Tony Luke's Worldwide
- Trade name: Tony Luke's
- Company type: Private
- Industry: Restaurants
- Genre: Fast casual
- Founded: February 3, 1992; 34 years ago
- Founder: Tony Lucidonio Tony Luke Jr. Nicky Lucidonio
- Headquarters: 39 East Oregon Avenue Philadelphia, Pennsylvania, United States
- Number of locations: 16 (2021)
- Area served: Pennsylvania; New Jersey; Washington, DC; Maryland; Texas; Bahrain; Rio (Hotel and casino);
- Products: Cheesesteaks, Italian roast pork, and other sandwiches
- Owner: Lucidonio family
- Website: TonyLukes.com

= Tony Luke's =

Cheesesteak restaurant in Philadelphia

Tony Luke's is an American-based cheesesteak restaurant that was founded in 1992 by Tony Lucidonio and his sons, Tony Luke Jr. and Nicky Lucidonio at its original location at 39 East Oregon Avenue in South Philadelphia. The franchise has since expanded, with 16 locations in Pennsylvania and New Jersey, one location each in Washington, D.C., Maryland and Texas as well as one in Bahrain.

==History==
In the early 1990s Luke Jr., his father and his brother, Nicky, bought a property near the expressway in South Philadelphia. The restaurant opened on February 3, 1992. The restaurant did not initially serve cheesesteaks until six months after opening due to popular demand. To avoid competition with other local businesses, the original Tony Luke's stand offered a more diversified menu, offering hoagies and other fare, along with cheesesteaks. Luke Jr. soon took over the store's marketing.

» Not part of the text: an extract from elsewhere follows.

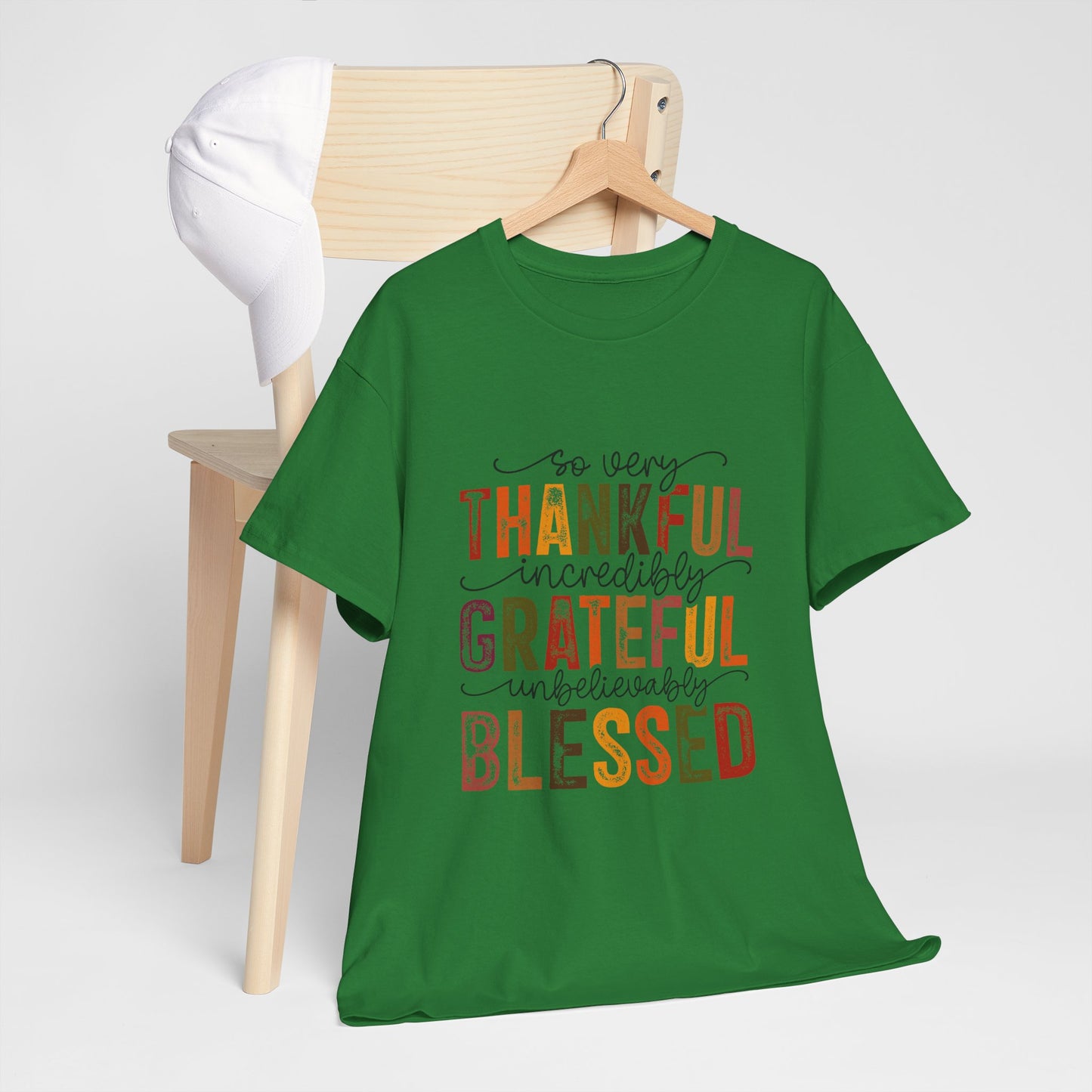 This Thankful Grateful Blessed Unisex Heavy Cotton T-Shirt is perfect for Thanksgiving and everyday wear. The distressed graphic design adds a vintage touch, giving off a cozy and warm vibe. It's a great choice for those who appreciate gratitude and positivity in their daily life.

Eventually, the business grew to include several locations in the Philadelphia area and a line of frozen sandwiches. Through a partnership with Rastelli Foods Group, the business now has several franchised locations in Bahrain. On January 21, 2019, the restaurant announced that they will be opening 7 locations in New York City. The first location opened on April 3, 2019, in Brooklyn, New York on Flatbush Avenue.

In July 2020, the owner Anthony Lucidonio Sr. and his son Nicholas were indicted on federal tax fraud charges. They are accused of failing to report over $8 million of income from 2006 to 2016. They are also accused of paying employees in cash to avoid payroll taxes. The Lucidonios dispute the criminal charges.

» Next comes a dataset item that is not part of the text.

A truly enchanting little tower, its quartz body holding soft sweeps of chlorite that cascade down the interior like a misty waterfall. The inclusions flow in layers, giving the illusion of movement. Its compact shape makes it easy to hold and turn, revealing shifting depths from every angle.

In 2022, the original Tony Luke's store underwent a name change due to a split among family members after a dispute that occurred in 2015. It is not affiliated with the Tony Luke's brand or franchise company which still operate several stores around the country.

==Business ventures==
In 2008 Tony Luke expanded his franchise to frozen cheesesteaks and pork products known as Tony Luke's Pronto.

==In mass media==
Tony Luke was selected as Bobby Flay's adversary for an episode of the cooking show Throwdown! with Bobby Flay, with Luke winning the cheesesteak battle.

Tony Luke's was featured on the Travel Channel's Man v. Food with Adam Richman attempting the "Ultimate Cheesesteak Challenge", which consisted of 42 oz. of beef, 18 oz. of cheese, and 8 oz. of fried onions on a 20-inch hoagie roll. Richman chose American cheese for his cheesesteak while Luke, who also took on the challenge, opted for the more traditional Cheez Whiz on his. Richman succeeded in the challenge while Luke failed.

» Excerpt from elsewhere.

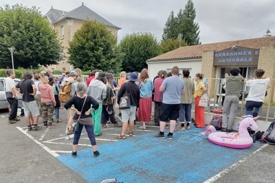 « Un couteau à beurre, des écussons, une bouteille de sirop, un imperméable kaki... » Sur l’air de La Complainte du progrès de Boris Vian, le porte-parole de Bassines non merci, Julien Le Guet, égraine la liste best-of des objets les plus absurdes confisqués durant la semaine d’action antibassines du 16 au 21 juillet. Son public ? Des dizaines de militantes et militants en file indienne devant la gendarmerie de Sauzais-Vaussais, à côté de Melle, venus récupérer leurs effets personnels lundi 22 juillet.

The restaurant was also featured on Food Wars (hosted by Camille Ford), going head-to-head with Pat's King of Steaks in a battle for best cheesesteak in Philadelphia, with Pat's beating out Tony Luke's in the competition.

Tony Luke played host to former World's Strongest Man Eddie Hall on his visit to Philadelphia filming his 2019 series Eddie Eats America for UKTV. Luke said Eddie was the fastest eater of the "Ultimate Cheesesteak Challenge".